After writing my last entry, I went to bed thinking that I had forgotten to mention someone. And as I have been reminded in many of the posts in the last entry, I did — possibly the biggest FUD-meister of them all.
So here’s his nomination:
Rob Enderle: As one of the Four Horsemen of the FUD-pocalypse, Rob Enderle seems to have never missed an opportunity to malign GNU/Linux in the years that he’s been a self-proclaimed “one of the most recognized commentators on tech” heading The Enderle Group (which I am told, but can’t confirm, may only consists of Mr. and Mrs. Enderle). As of late, his efforts to provide “a unique perspective on personal technology products and trends” (the Enderle Group’s raison d’etre, although it’s a mystery why “. . . while spoon-feeding the public Microsoft’s propaganda because we’re Redmond’s lap dog” is not part of that, truth-in-advertising laws being what they are . . . ) have given us such gems as “Open Source if Losing its Momentum” (after talking with non-FOSS software executives, and you would expect them to say, “Oh absolutely — FOSS is completely kicking our ass,” right Rob?), and (paraphrasing) “monopolies make the best business sense” — yeah, for fascist dictatorships, Rob. And never mind that Rob thinks you’re a communist and a terrorist for being a GNU/Linux user.
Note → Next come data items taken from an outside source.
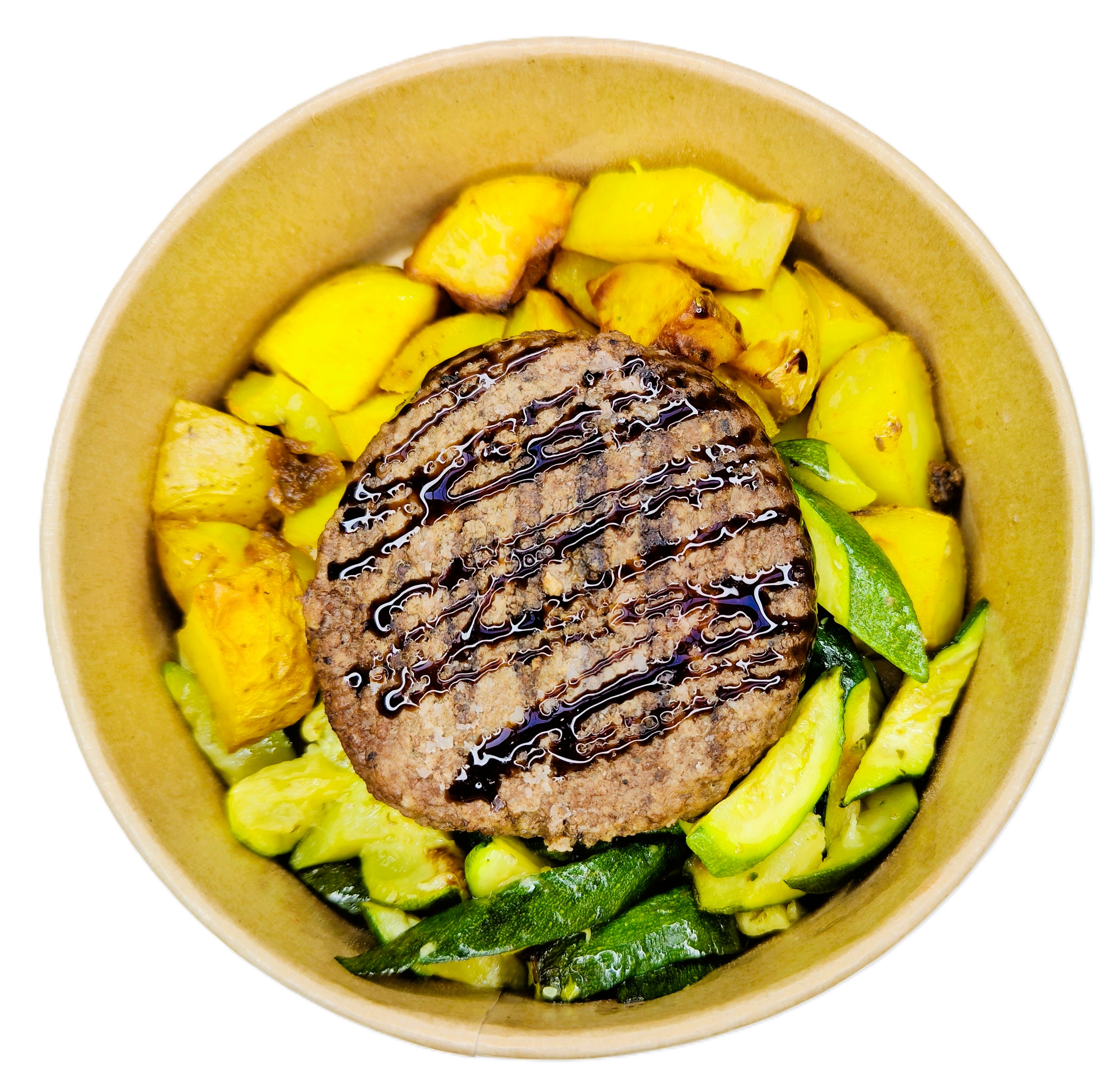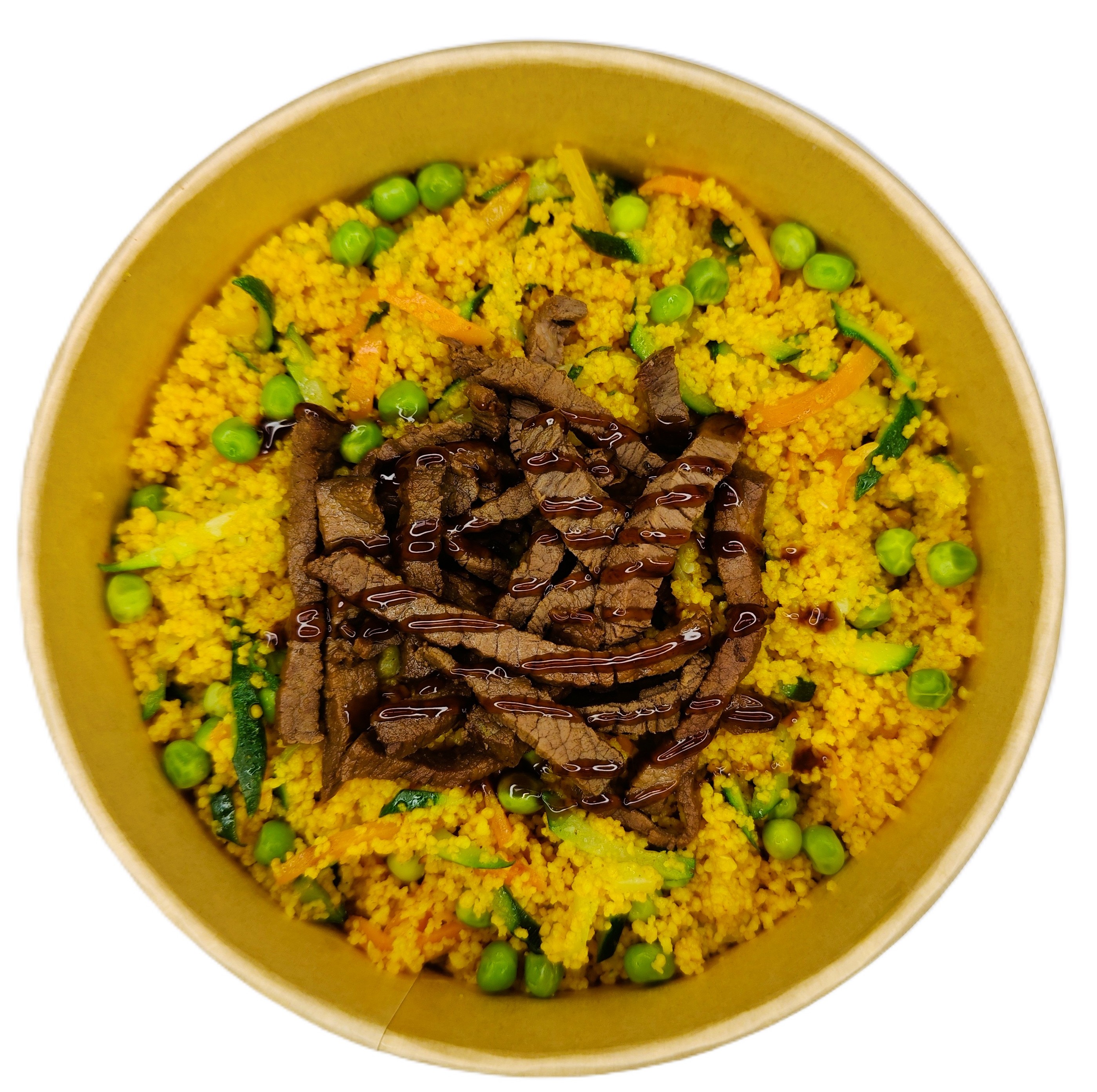 Cous cous, zucchine, peperoni, carote, piselli, manzo, teriyaki.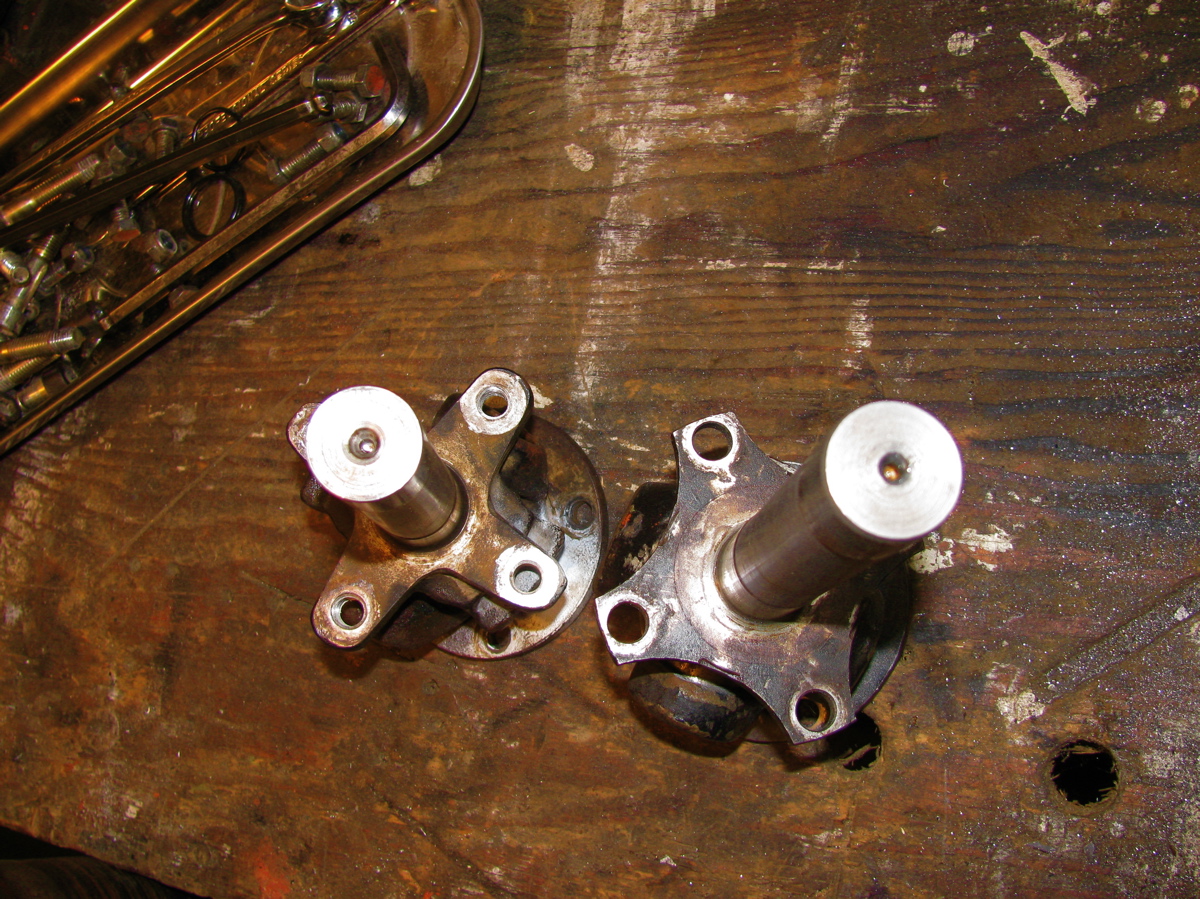 Took apart 2 stock propshafts. The rusty red one is an ’86 model, the black one is from a later van (I don’t know the year). You can see that there are a few minor differences. One important one is the machined end that houses the internal bushings. Note the thickness of the internal bushings, the newer shaft has much thinner bushings. Both units have shafts that are the same diameter so it’s the bushing housing that is a smaller diameter in the newer shaft. Also the shaft lengths differ, the older one being longer. The newer shaft has the o-ring in a groove, the older one has a rebate to hold ring.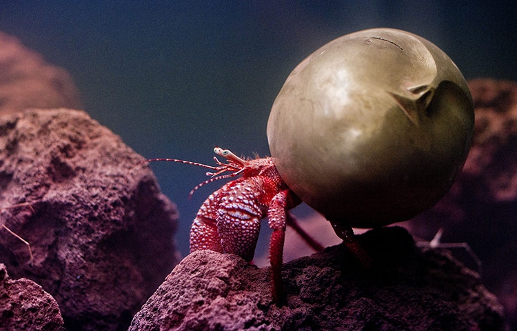 Misschien een beetje een truc, maar wel een die werkt, huist in een groot aquarium dat Pierre Huyghe neerzette: een heremietkreeft die zijn intrek heeft genomen in een goudkleurig masker. Natuurlijk, bij gebrek aan een lege schelp zal zo’n beest the next best thing aangrijpen om zijn woningnood te ledigen, dat alleen is te voorspelbaar om kunst te zijn. Maar er gebeurt heel veel met de kijker bij deze waterbak: een spel van aantrekking en afstoting. Is de kreeft het gedrocht of dat akelige masker? Zijn ze eigenlijk niet ook allebei heel mooi? Is het de combinatie die het zo ongemakkelijk maakt? Het is dusdanig fascinerend dat je een paar keer terugloopt om te kijken…

[In fairness, there is one other nomination that was received in an LXer.com forum thanks to a poster named dinotrac, and that would be . . . .]
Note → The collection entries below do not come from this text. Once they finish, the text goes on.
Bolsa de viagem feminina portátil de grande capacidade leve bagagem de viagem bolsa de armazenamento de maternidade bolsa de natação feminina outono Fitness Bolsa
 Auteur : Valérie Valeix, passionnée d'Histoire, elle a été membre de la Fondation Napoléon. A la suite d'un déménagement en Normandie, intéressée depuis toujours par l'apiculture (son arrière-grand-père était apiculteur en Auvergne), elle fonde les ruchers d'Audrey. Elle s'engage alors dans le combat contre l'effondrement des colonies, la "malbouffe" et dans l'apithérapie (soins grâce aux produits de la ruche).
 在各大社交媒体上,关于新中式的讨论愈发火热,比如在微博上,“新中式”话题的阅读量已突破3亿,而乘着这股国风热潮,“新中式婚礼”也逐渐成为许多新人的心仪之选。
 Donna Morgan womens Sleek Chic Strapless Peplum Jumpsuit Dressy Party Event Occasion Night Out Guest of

Larry Cafiero: This print journalist whose career spans three decades over two continents saw the FOSS light last year, and has taken up evangelizing for software choice and against software and hardware hegemony, whether it’s Redmond’s or Cupertino’s. He plans to publish Open Source and Free Software Reporter, a bimonthly print magazine, in January while currently maintaining Open Source Reporter and this blog. While characteristically avoiding the chore of rearranging his living room so three iMacs (with different distros) aren’t taking up space on a coffee table, he came up with The Elmers — an award for those spreading disinformation and misinformation about FOSS. However, this newby GNU/Linux evangelist had the unmitigated audacity, in the eyes of one LXer.com forum denizen, to “imply” that .Net won’t run on GNU/Linux. In his defense, he would like to take that back, but ask “why anyone would . . .?,” hoping that answer is forthcoming.
[However, how ethical would it be to win an award that I proposed? Not very, so I cannot accept dinotrac’s nomination, but not without thanks and a tip of the hat to the one making this nomination.]
Further nominations will still be accepted . . .
(Larry Cafiero, editor/publisher of Open Source Reporter, is an associate member of the Free Software Foundation.)